The G20, spanning the emerging economic powers as well as the developed economies where the trouble started, united last year to throw trillions of dollars into the battle against recession. The group has since become the predominant forum for coordinating the tackling of global economic challenges.

With a global recovery that remains fragile, it is incumbent upon us to act with the same unity of purpose, the same sense of urgency, and the same commitment to the enlightened exercise of our national sovereignties as we did at the depths of the crisis, Canadian Prime Minister Stephen Harper said in a statement at the opening of the G20 meeting.

SOURCES OF FRICTION

World leaders took their seats shortly after 9 a.m. Toronto time (1300 GMT). Germany's Angela Merkel was seated next to Britain's David Cameron, who joked earlier this week that he would try not to wrestle her to the ground when Germany and England meet in the World Cup later on Sunday.

More than 400 people were arrested after demonstrations turned violent in downtown Toronto on Saturday and police braced for more possible trouble on Sunday.

With sluggish growth in many developed countries, Washington fears Europe's drive to slash post-recession debt could derail the recovery, a worry also voiced by other G20 leaders, including Indian Prime Minister Manmohan Singh.

UN Secretary-General Ban Ki-moon said he understood the pressure to put public finances back on a sustainable path, but urged G20 leaders to be mindful of who bore the burden.

We must not balance budgets on the backs of the world's poorest people, Ban said at a G20 dinner Saturday evening.

The G20 leaders are set to announce a concerted effort to halve public sector deficits within three years and stabilize government debt. At the same time they recognize that the start of that process will take place at different speeds, according to a draft communique that Reuters obtained.

The document acknowledges that after the downturn, the economic recovery varies in pace across the world and there is a delicate balance needed between restoring budget discipline and sustaining growth.

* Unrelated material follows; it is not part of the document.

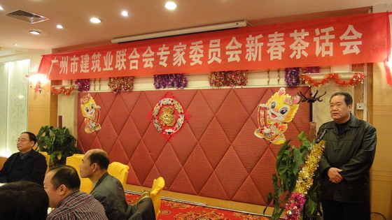 2月15日上午廣州市建筑業聯合會在東風大酒店宴會廳召開專家委員會新春茶話會。聯合會會長邵云平、副會長李中慶、副會長兼秘書長張田,副秘書長許決華、王德山、王輝,以及各專家委員會專家54人出席了茶話會。
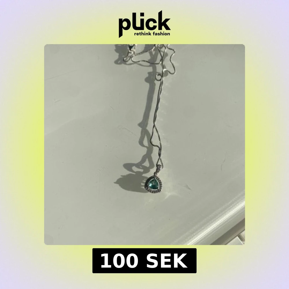 Elegant halsband med en triangulär turkos sten infattad i en silverfärgad ram. Kedjan är tunn och justerbar

There is a risk that synchronized fiscal adjustment across several major economies could adversely impact the recovery, it says. There is also a risk that the failure to implement consolidation when necessary would undermine confidence and hamper growth.

TACKLING DEBT MOUNTAINS

Halving deficits looks easily achievable, considering President Barack Obama has already pledged to do that and Europe sees the target as a bare minimum.

Stabilizing debt as a percentage of total output within six years may be more difficult. Obama's budget forecasts show the debt ratio rising at least through 2015, and most advanced Western economies face rising health care and retiree costs as their populations age.

Regulatory reform was another source of friction. U.S. lawmakers agreed on a package of reforms, but the G20 has struggled to come up with a common set of rules.

Josef Ackermann, chief executive of Deutsche Bank, said he was concerned the lack of international consistency would lead to an uneven playing field.

If you don't have a coordinated approach to regulatory (systems)... then there's the risk of regulatory arbitrage, he told Reuters in Cape Town.